The amount of phytate present in plant seeds and grains ranges from 0.5-5% (Loewus, 2002). It is mainly present as a salt of mono-valent and divalent cations such as K+, Mg2+ and Ca2+. It is accumulated into the seed during the ripening period. In dormant seeds, phytate represents 60-90% of total phosphate. Phytate is regarded as a primary storage form of both phosphate and inositol in plant seeds and grains (Loewus, 2002). It also serves as a store of cations by chelating free metals such as Fe, Zn and a potent anti-oxidant (Reddy et al., 1982).
Phytate is a naturally occurring compound formed during maturation of plant seeds and grains and therefore a common constituent of plant derived food. Depending on the amount of plant derived foods in diets and level of processing, daily intake can be as high as 4500 mg (Reddy, 2002). The mean daily intake of phytate is estimated to be 200-2000 mg for vegetarians and in developing countries and it is about 150-1400 mg. Phytate behaves in a broad pH range as a highly negatively charged ion and has therefore a high affinity for positive charges such as minerals, trace elements and proteins. However, phytate-phosphorus is less nutritionally available since the phytate is not quantitatively hydrolyzable in human gut (Sandberg and Anserson, 1988).
The objective of this work was therefore to undertake a preliminary assessment of the phytic acid levels of selected cereals that are commonly consumed in the northern part of Ghana since these cereals contribute significantly to the nutritional status of the population especially children.
Literature review: Phytic acid is widely distributed in nature because it is a major storage of P in cereals, legumes and oil seeds (Harland Oberleas, 1987). It also occurs in muscles and organs of animals including humans. It is typically found in outer aleouron layer of cereal grains in the endosperm of legumes and oil seeds. The alkali metal (Na, K) salts of phytic acid are usually soluble but those formed with alkali earth and transition metals are practically insoluble (Adu, 1980). It can be synthesized from cyclic alcohol myo-inositol by esterification of the hydroxyl groups with phosphate groups.
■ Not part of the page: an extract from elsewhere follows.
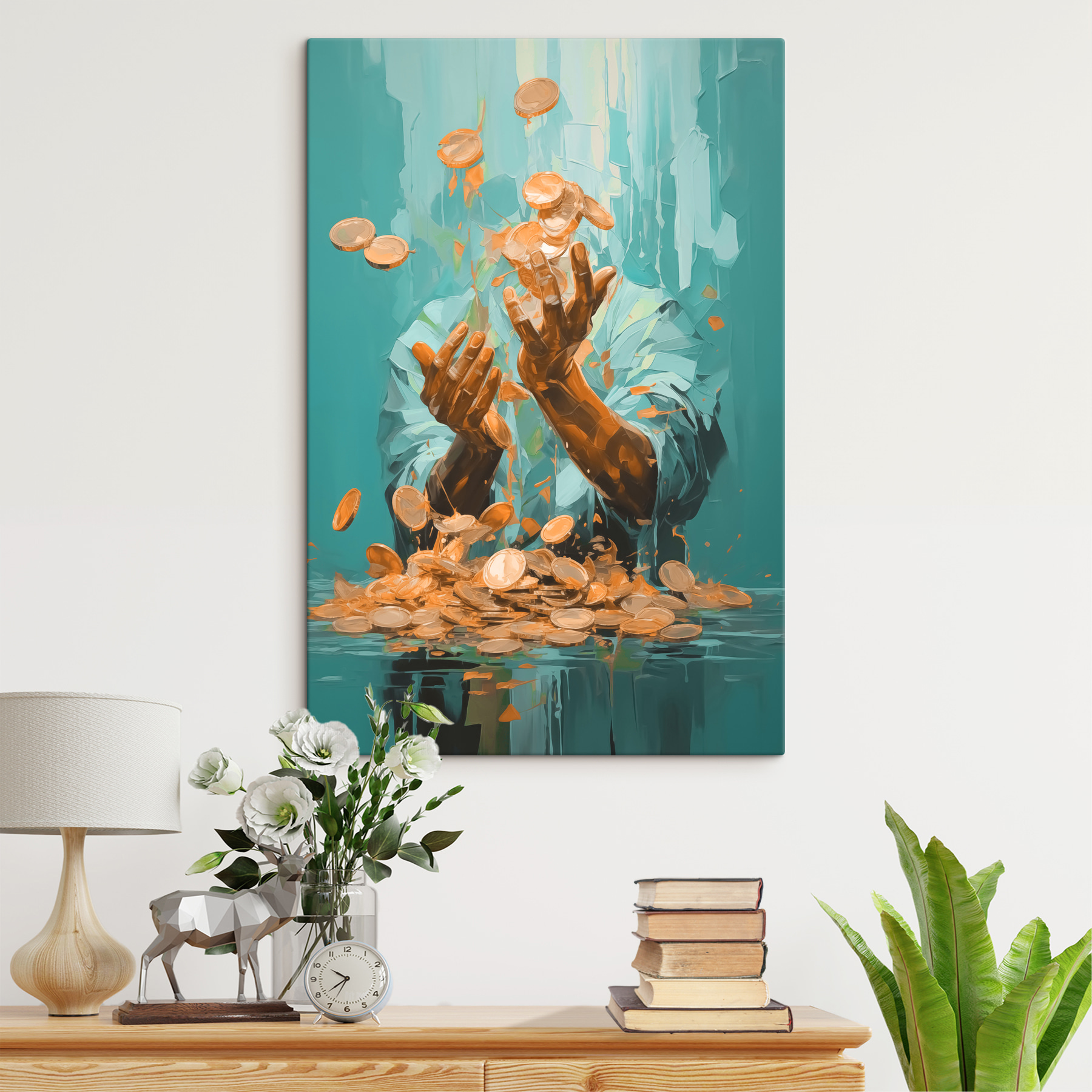 Imaginați-vă un moment înghețat în timp, în care monedele par să danseze în aer, iar toate grijile dispar. Acest print pe pânză surprinde acest spectacol încântător, cu mâini care aruncă cu artă monede care prind lumina – o clipă de bucurie și fantezie. Fie că este agățat într-o sufragerie confortabilă sau într-un birou plin de viață, acesta adaugă o explozie de energie și un strop de intrigă. Imaginați-vă că stârnește conversații, pe măsură ce oaspeții se întreabă ce vise se ascund în spatele acestui gest jucăuș. Este mai mult decât artă; este un memento pentru a îmbrățișa spontaneitatea și a găsi bucurie în lucrurile mărunte. Perfect pentru toți cei care cred în magia posibilităților.

The Ca and Mg salts of phytic acid are known as phytin and occur widely in considerable amounts in plants (Adu, 1980). During the development of seeds especially cereals the cells become filled with starch grains and protein bodies known as aleouron which contain phytic acid that accumulates as the seed develops. During germination there is marked increase in the activity of various phosphate uses including phytase. The activity of phytate in cereals is highest in scutulum and aleouron layers which results in the liberation of considerable amount of organic phosphate, calcium, magnesium and potassium for general metabolic processes of the plant (Adu, 1980). However, it has been stated that leafy vegetables, fruits and fermented foods do not contain any phytic acid. Generally the effect of high levels of phytic acid taken in by humans decreases the absorption of most metal ions that are needed for the proper functioning of the body. Among these metals include Cu, Fe, Mg and Ca which have been selected for the study. The fact that phytate complexes at the physiological pH, it is regarded as the main reason why minerals are not available for absorption. Most studies have shown an inverse relationship between phytate content and mineral availability.
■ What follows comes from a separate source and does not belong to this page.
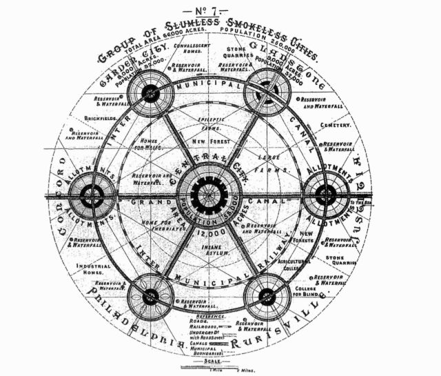与考夫曼不同,另一位规划师盖迪斯在设计的时候考虑到了城市土地的扩张。在城市道路的规划上,他参照田园城市建设和卫星城建设的理论,通过改变城市道路结构的方式预防可能出现的大城市病。

Although there are many adverse effects of high intake of phytate in humans, many beneficial effects have also been found. Phytate exerts beneficial effects in the gastrointestinal tract and other target tissues through its chelating ability. It has been demonstrated that phytate as a calcium salt can protect against dietary Pb2+ in experimental animals and human volunteers (Wise and Gilbert, 1981), hence phytate has the ability to counteract acute oral Pb2+ toxicity. Heart disease is a leading cause of death in the Western countries but it is low in Japan and developing countries. Elevated plasma cholesterol or elevated LDL-cholesterol concentrations have been shown to be one of the risk factors. It has been suggested that dietary fibre or more specifically phytate which is a component of fibre can influence the aetiology of heart disease (Potter, 1995). Jariwalla et al. (1990) showed that dietary phytate supplementation resulted in the lowering of serum cholesterol and triglyceride levels. This effect accompanied the decrease in serum Zn level and Zn-Cu ratio. This is because coronary heart disease appears to be caused by an imbalance of Zn-Cu metabolism.
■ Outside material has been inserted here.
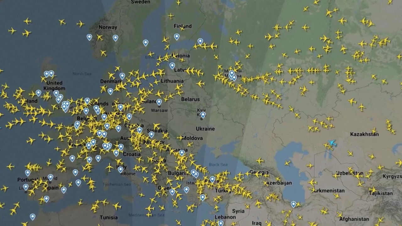 俄羅斯24日向烏克蘭展開軍事行動,烏克蘭以「高度安全風險」為由關閉全國領空。歐洲飛航安全局則警告,飛行於烏俄、白俄邊境可能會遭受軍事攻擊,提醒飛機務必避開。根據飛航追蹤網站FlightRadar24截圖顯示,烏克蘭領空已經淨空,所有民航機全都繞道而行,造成罕見「空洞」景象。

An increase of renal stone incidence in northern Europe, North America and Japan which has been linked with the industrial development of these countries. A study on dietary phytate intake of black and white South Africans indicated that the whites were more affected than the black (Zhou and Erdman, 1995). The dietary difference is that the black population consumes large quantities of food containing high levels of fibre and phytate. However, a high phytate diet has been used to treat hypercalciuria and renal stone formation in humans. Phytate lowers the solubility of calcium, fluoride and phosphate which are the major components of the enamel (Kaufman and Kleinberg, 1971). Thus teeth are protected against the attack of acid and bacteria. Also the high affinity of phytate for hydroxyl apatite may prevent the formation of plaque and tartar. Incidence of cancer especially intestinal cancer has been associated with dietary fat intake which is inversely related to fibre intake. The rate of colonic cancer can arise from many fibre-rich foods which may contain high phytate. Conversely high phytate intake can be a factor in reducing breast and prostate cancer in man (Vucenik and Shamsuddin, 2003).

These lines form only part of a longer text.